A tradition and a livelihood
With the periodic change of various seasons, our eating habits also change. One of the trademarks of the Bengali winter is the pitha. A pitha is a traditional variety of homemade cake made of rice flour, coconut, cream and molasses. It comes in all sorts of tastes and all sorts of colors. The making of pithas also has symbolic value- it represents the reaping of the big harvest. Pithas are unique to Bangladesh, and one of our most enduring cultural icons. The vibrant colors, subtle flavors and simple ingredients of a pitha communicates a lot about our rural culture. This aspect of our culture is particularly prominent in winter. There are so many different varieties of pitha, the prominent ones being chitoi, bhapa, puli, patishapta and pakon. There are pitha festivals these days in many parts of the country- both rural and urban- offering tantalizing samples of many different varieties. There is and usually has been, a somewhat festive or seasonal association with the consumption of pitha. Pitha, is an occasion.
In Bangladesh, for many, pitha is not just a seasonal celebration, but also a livelihood.

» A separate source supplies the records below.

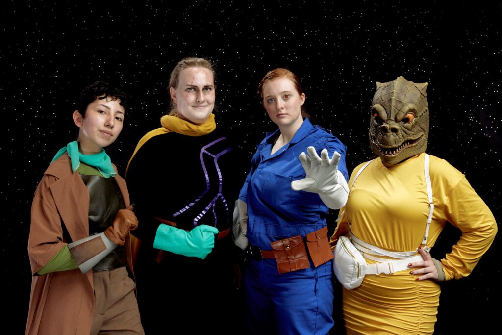 Our Bounty Hunters group cosplay at Star Wars Celebration London 2023, from left to right: Isabella as T’onga, Lia as Vukorah, Hayden as Valance, and myself as GirlBossk (this is my legacy)
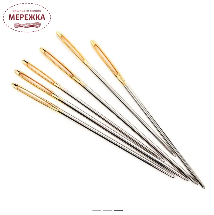 Гобеленові голки преміум-класу із золотим вушком у багаторазовій скляній банці з кришкою з матового срібла.
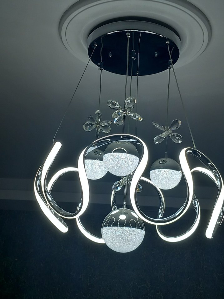 Beyaz modern LED avize, kıvrımlı ışık şeritleri ve dekoratif cam kürelerle şık ve parlak bir atmosfer sunar.
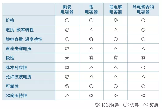 如下是村田给出的几种电容器的特性比较。
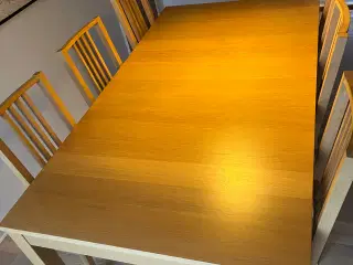 Flot og enkelt spisebord med 4 hvide stole. Perfekt til køkken eller mindre lejlighed. Sættet er brugt, og der er brugsspor på både bordplade og stole (se billeder), men står stadig stabilt og funktionelt. Skal hentes i Skive
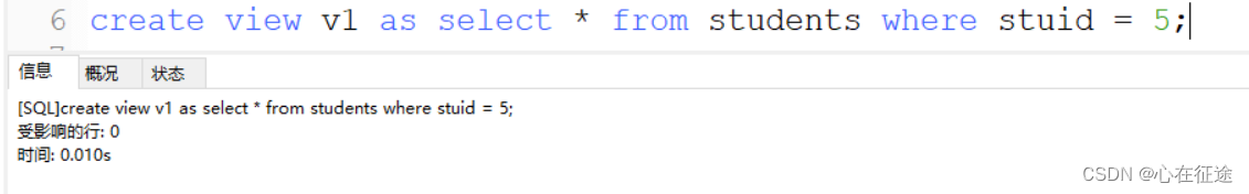 创建视图:create view v1 as select * from students where stuid=5;
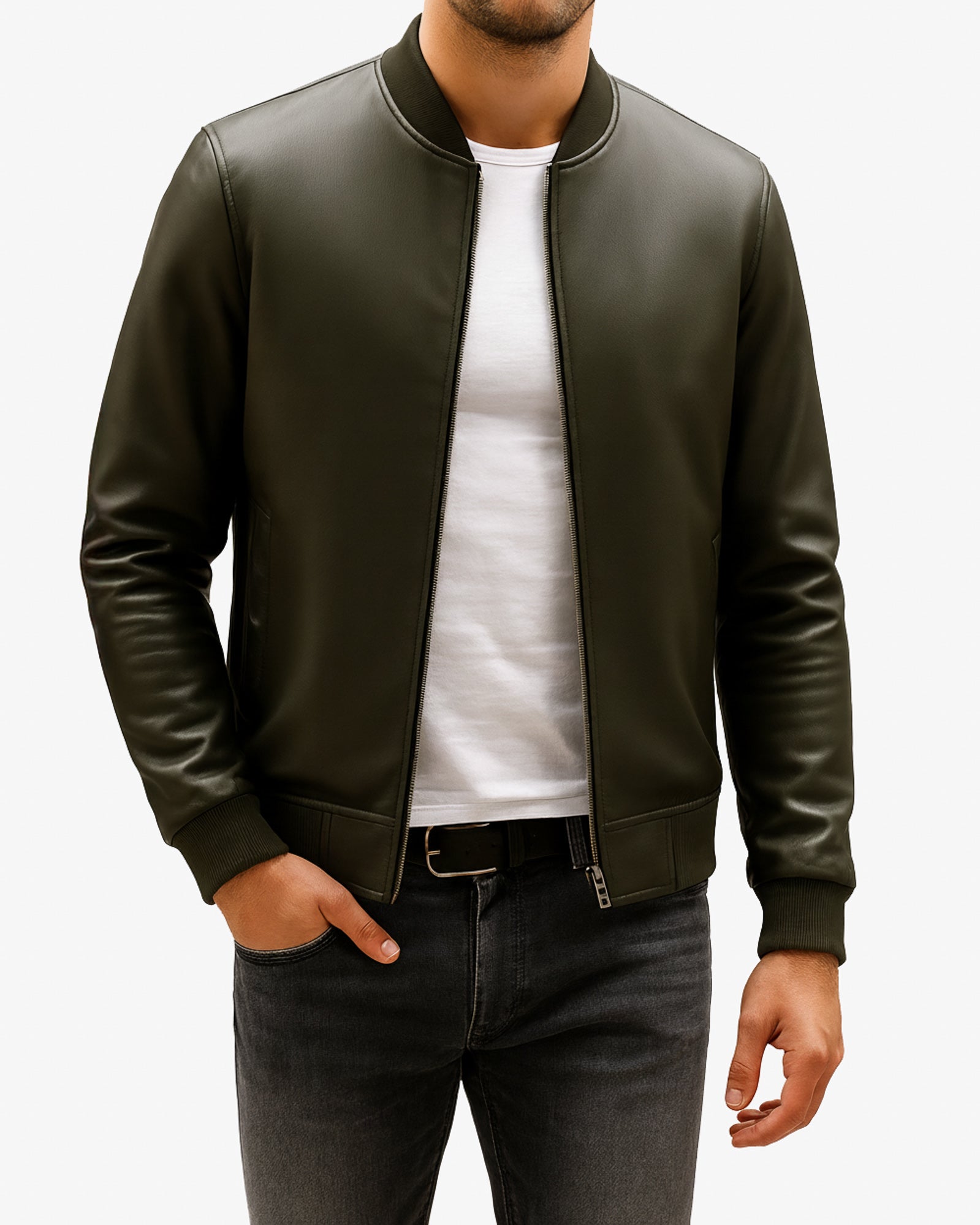 The “Premium Olive Leather Bomber Jacket” by LEATHER WEAR strikes the perfect balance between rugged and refined. Inspired by the timeless appeal of moto style, this jacket is crafted from 100% Cowhide leather, known for its buttery softness and lightweight feel. Designed to wear year-round, it’s your go-to piece whether you're dressing up or keeping it casual.
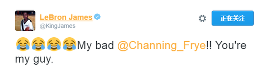 詹姆斯转发了这条推特,并向弗莱表达了歉意。他发了四个笑哭的表情并写道:“我的错,自己人!!”
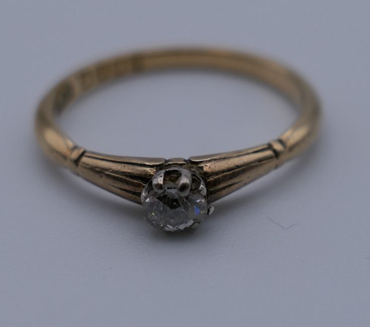 An 18 ct gold diamond solitaire ring. Ring size O. 2.4 grammes total weight.
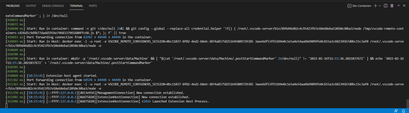 7. After Success process, That’s will show on below figure, Press the Ctrl + Shift + ` for enter to docker terminal
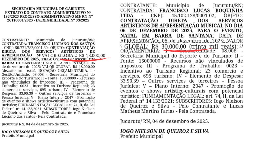 Após a cobrança feita pelo blog, a Prefeitura divulgou, no Diário Oficial desta segunda-feira, 08 de dezembro de 2025, os valores referentes às atrações musicais do Natal em Barra de Santana...
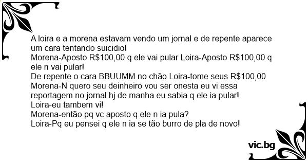 A loira e a morena estavam vendo um jornal e de repente aparece um cara tentando suicidio!
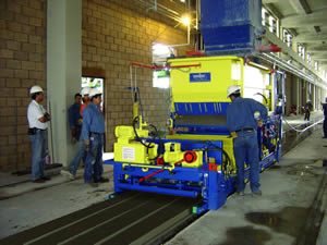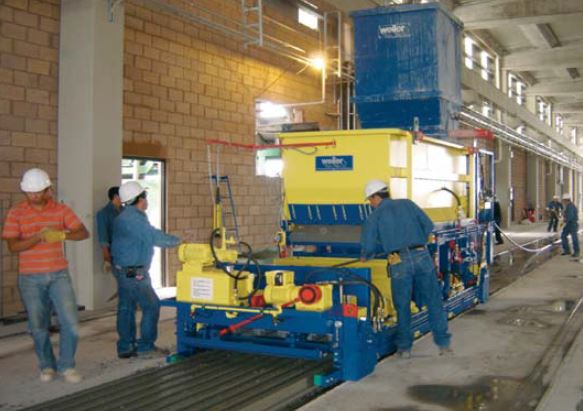 - يتم إنتاج بلاطات مجوفة القلب بارتفاعات مختلفة بمدخل الآلة نفسه من خلال استبدال أنابيب القلب واللوحات الجانبية فقط
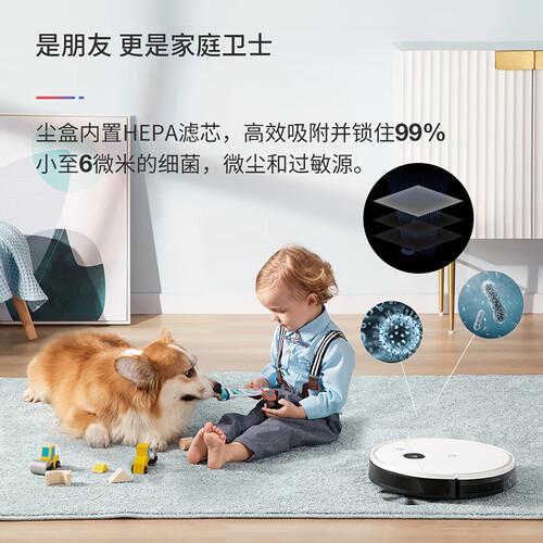配备电控水箱,扫地和拖地结合在一起,提升清扫效率,更快完成屋内清洁。机械避障作用,可对障碍物进行躲避,避免机器损伤。
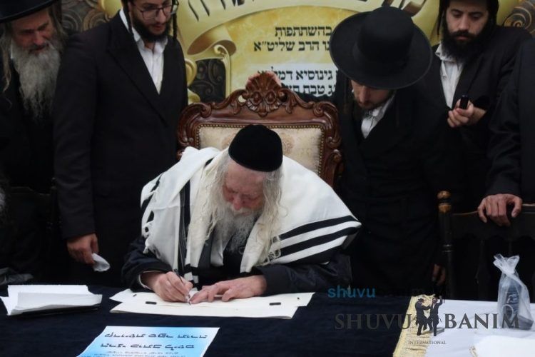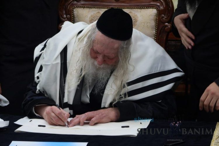On the day of the kingâs birthday celebration â last Thursday, 23 Tevet â the day in which the soul of the Tzaddik of the generation, Moreinu HaRav Eliezer Berland shlitâa, came down to the world, the Rabbis of the community gathered together with the participation of Moreinu HaRav shlitâa for the occasion of the writing of the Torah scroll in honor of the Tzaddik and in memory of those murdered in the Simchat Torah War.

This is particularly true in the case of women. Nazma Akhtar, of Fatullah, Narayangonj, is such a woman. She is around 40 years old and has been selling pitha for the last 10 years in Dharmagonj of Fatullah. Her husband is a rickshaw puller. At first, she was, essentially, a part-time worker for the Dhaka Vegetable Oil Industry. She gets work often, but after paying the rent and the educational expenses for their three children, Nazma and her husband Borkot don't have much left to run the family. Nazma and Borkot needed to do some extra work. Now Nazma sits regularly in Dharmagonj Bazaar and sells tea with biscuits and muri- puffed rice. In the evening, she sits in a corner of the street with her two sons Ashraful and Saiful. Since then, the financial condition of her family had improved. Later, she got the idea to sell pithas from her brother Hashim. Asked why she has chosen such a profession, she says that she gets a small amount of rice from her father's property and can smash it by herself . As a result, it costs her very little to produce pithas. Mainly she sells chitoi pitha which is 2 taka per piece and bhapa pitha is 4 taka per piece. Along with pitha, she sells various kinds of bhorta such as dried fish, red chilly, coriander, etc. which is free with chitoi pitha. If she gets 2 taka more then she puts more molasses and coconut in vapa pitha. Every evening, she spends around 150 taka and gets almost 80-100 taka profit. Her children help her prepare as well as serve the merchandise. Sometimes Borkot accompanies her when she is out selling. Now she is living a happier life. She says that even though the work is tough, seeing her children happy makes it all worth it. Like Nazma, there are also many women who are selling pithas in the streets of Narayangonj district. This is indeed a great livelihood for rural Bangladeshi women.